● **Exercise brief**: The data below should be restated word for word, with every picture omitted.

● **Information provided**:
_ _ _

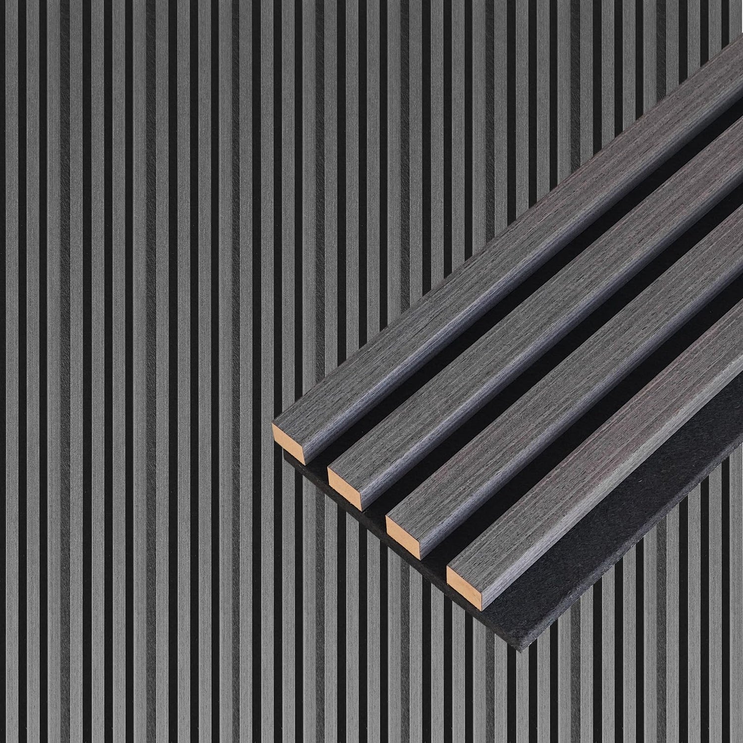 NeatiEase Wood Wall Panels, 9 Feet Acoustic Slat Wall Panels for Interior Wall Decor and Noise Reduction, Decorative Slat Wall Paneling, Dark Gray Oak, 4-Piece
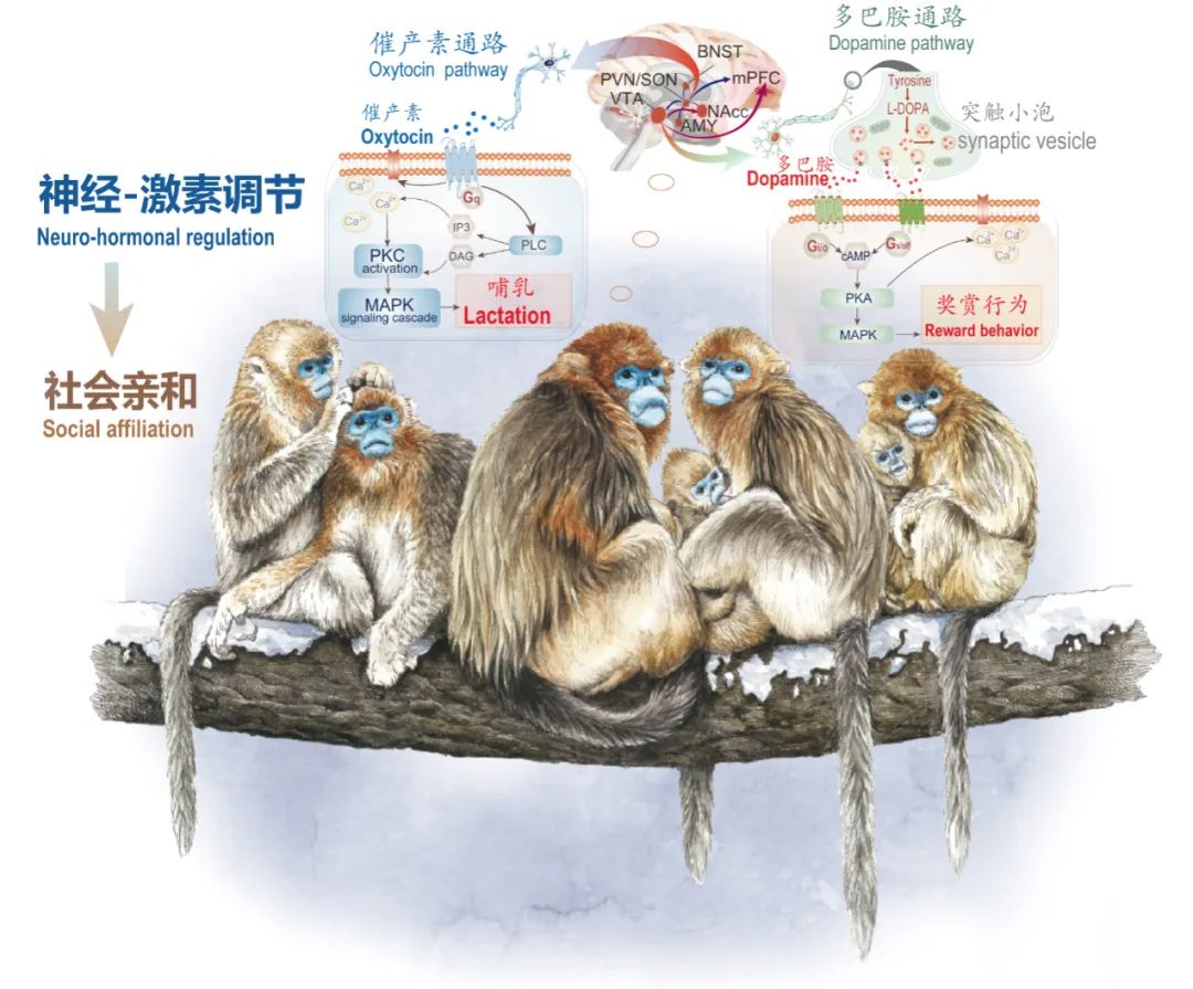 “在哺乳动物中,催产素和多巴胺具有强化母亲与幼儿之间的纽带的作用。寒冷效应引发它们的适应性变化,强化了母婴间的纽带,延长了寒冷地区奇鼻猴的亲本抚育。同时,个体间的友好行为也得到促进,进而推动了单家庭群向重层社会的聚集。”齐晓光介绍。这一结果还得到了细胞功能实验和行为学实验的验证。
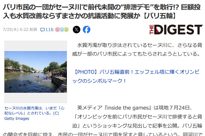パリ市民の一団がセーヌ川で前代未聞の“排泄デモ”を敢行!? 巨額投入も水質改善ならずまさかの抗議活動に発展か【パリ五輪】

_ _ _

● **Task result**:
 NeatiEase Wood Wall Panels, 9 Feet Acoustic Slat Wall Panels for Interior Wall Decor and Noise Reduction, Decorative Slat Wall Paneling, Dark Gray Oak, 4-Piece
 “在哺乳动物中,催产素和多巴胺具有强化母亲与幼儿之间的纽带的作用。寒冷效应引发它们的适应性变化,强化了母婴间的纽带,延长了寒冷地区奇鼻猴的亲本抚育。同时,个体间的友好行为也得到促进,进而推动了单家庭群向重层社会的聚集。”齐晓光介绍。这一结果还得到了细胞功能实验和行为学实验的验证。
パリ市民の一団がセーヌ川で前代未聞の“排泄デモ”を敢行!? 巨額投入も水質改善ならずまさかの抗議活動に発展か【パリ五輪】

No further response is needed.